Valeria Bednarik, Chief Analyst at FXStreet, takes a technical look at charts and says: “The USD Index hovers around 106.00, trading near its June monthly high at 106.13. According to the daily chart, the Index is poised to extend its advance, given the positive momentum of technical indicators, advancing within positive levels. Furthermore, the USD Index trades above all its moving averages, with the 20 Simple Moving Average (SMA) gaining upward traction above the longer ones. The next relevant level to watch is 106.49, the high posted on May 1 in the Fed’s monetary policy decision aftermath. The bullish case will be supported by a better-than-anticipated report.”

Bednarik adds: “Should the ADP figure disappoint, the USD Index may enter a corrective decline, as a sustained decline remains out of the picture for now. A strong support level comes at 105.40, followed by the 105.10 price zone.”

Employment FAQs

Labor market conditions are a key element in assessing the health of an economy and thus a key driver for currency valuation. High employment, or low unemployment, has positive implications for consumer spending and economic growth, boosting the value of the local currency. Moreover, a very tight labor market – a situation in which there is a shortage of workers to fill open positions – can also have implications on inflation levels because low labor supply and high demand leads to higher wages.

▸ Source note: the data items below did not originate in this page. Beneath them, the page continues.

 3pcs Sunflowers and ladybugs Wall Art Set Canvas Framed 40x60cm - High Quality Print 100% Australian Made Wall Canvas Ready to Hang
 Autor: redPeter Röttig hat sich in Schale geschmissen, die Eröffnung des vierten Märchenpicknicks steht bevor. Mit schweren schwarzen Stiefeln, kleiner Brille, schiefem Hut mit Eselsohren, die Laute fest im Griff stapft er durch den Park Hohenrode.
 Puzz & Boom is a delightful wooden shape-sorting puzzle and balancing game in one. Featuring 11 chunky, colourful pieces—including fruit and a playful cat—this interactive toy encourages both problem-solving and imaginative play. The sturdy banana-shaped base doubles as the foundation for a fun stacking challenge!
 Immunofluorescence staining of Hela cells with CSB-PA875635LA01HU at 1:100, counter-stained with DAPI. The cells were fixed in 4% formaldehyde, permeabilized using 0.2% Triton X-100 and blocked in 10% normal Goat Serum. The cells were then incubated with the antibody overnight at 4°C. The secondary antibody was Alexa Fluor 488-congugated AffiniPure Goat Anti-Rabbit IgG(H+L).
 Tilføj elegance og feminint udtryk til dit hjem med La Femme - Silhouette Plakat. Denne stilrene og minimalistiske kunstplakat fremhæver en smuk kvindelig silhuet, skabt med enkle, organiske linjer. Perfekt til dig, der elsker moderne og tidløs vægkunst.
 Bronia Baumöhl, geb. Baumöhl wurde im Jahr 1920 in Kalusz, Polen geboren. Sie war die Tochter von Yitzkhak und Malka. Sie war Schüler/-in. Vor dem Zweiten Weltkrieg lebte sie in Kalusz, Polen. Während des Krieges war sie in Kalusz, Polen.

The pace at which salaries are growing in an economy is key for policymakers. High wage growth means that households have more money to spend, usually leading to price increases in consumer goods. In contrast to more volatile sources of inflation such as energy prices, wage growth is seen as a key component of underlying and persisting inflation as salary increases are unlikely to be undone. Central banks around the world pay close attention to wage growth data when deciding on monetary policy.

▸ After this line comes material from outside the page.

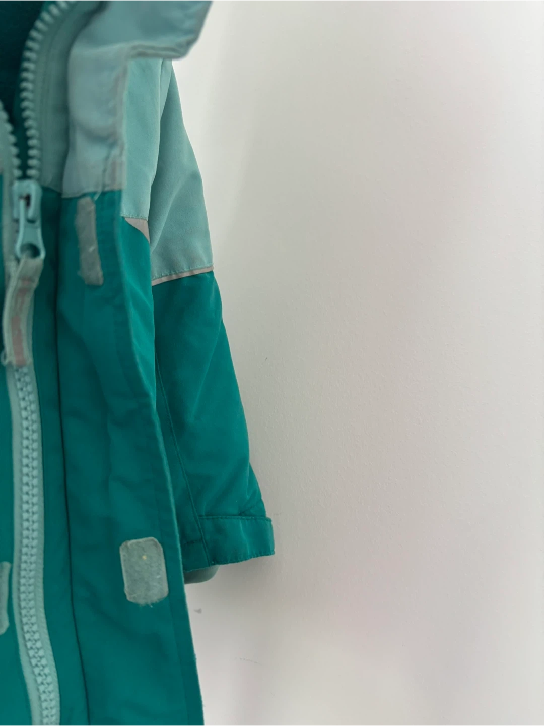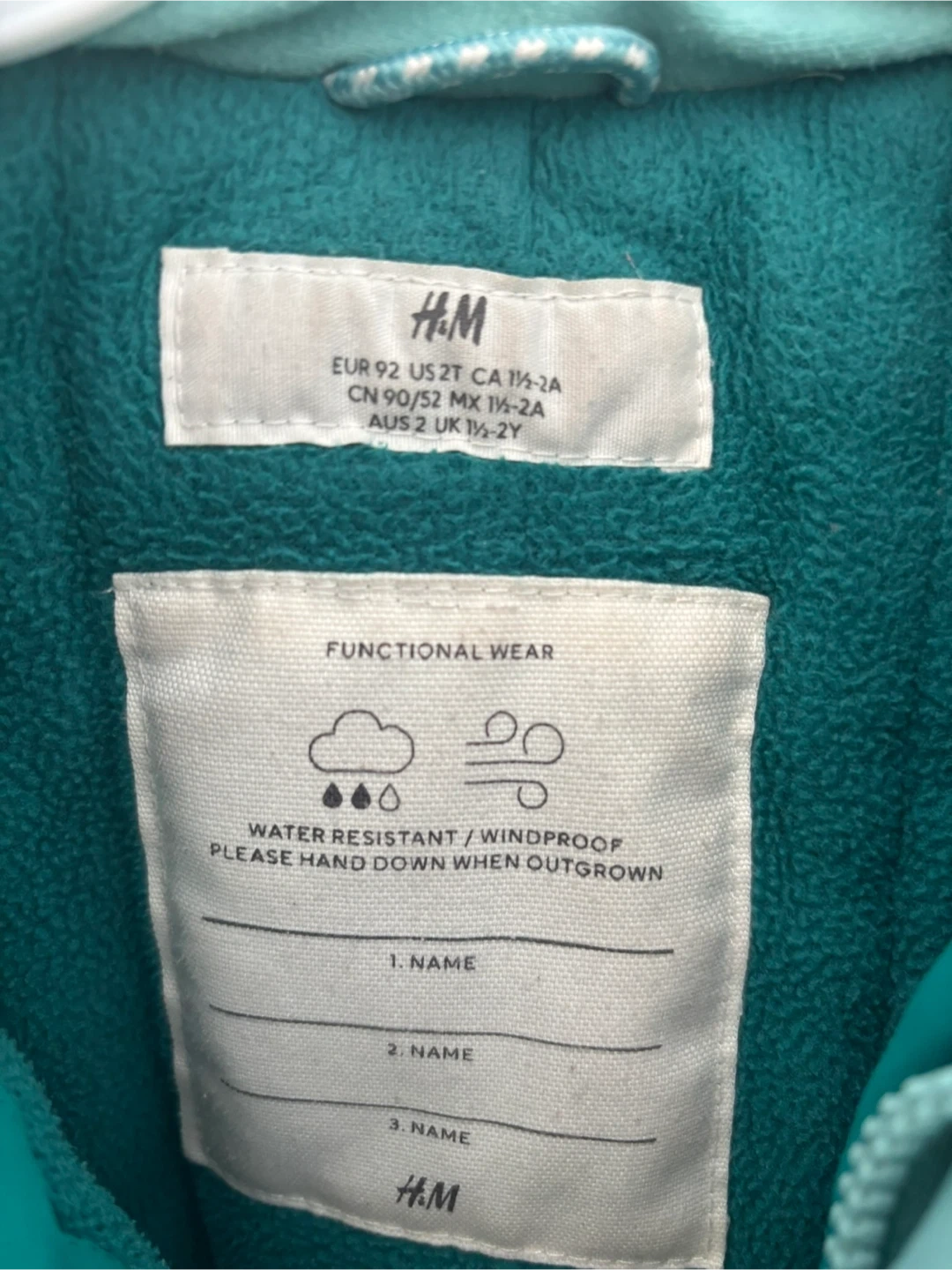 This H&M kids' jacket is designed for cold weather, offering water-resistant and windproof protection. It features a hooded design and zippered pockets. The size is EUR 92, US 2T.

The weight that each central bank assigns to labor market conditions depends on its objectives. Some central banks explicitly have mandates related to the labor market beyond controlling inflation levels. The US Federal Reserve (Fed), for example, has the dual mandate of promoting maximum employment and stable prices. Meanwhile, the European Central Bank’s (ECB) sole mandate is to keep inflation under control. Still, and despite whatever mandates they have, labor market conditions are an important factor for policymakers given their significance as a gauge of the health of the economy and their direct relationship to inflation.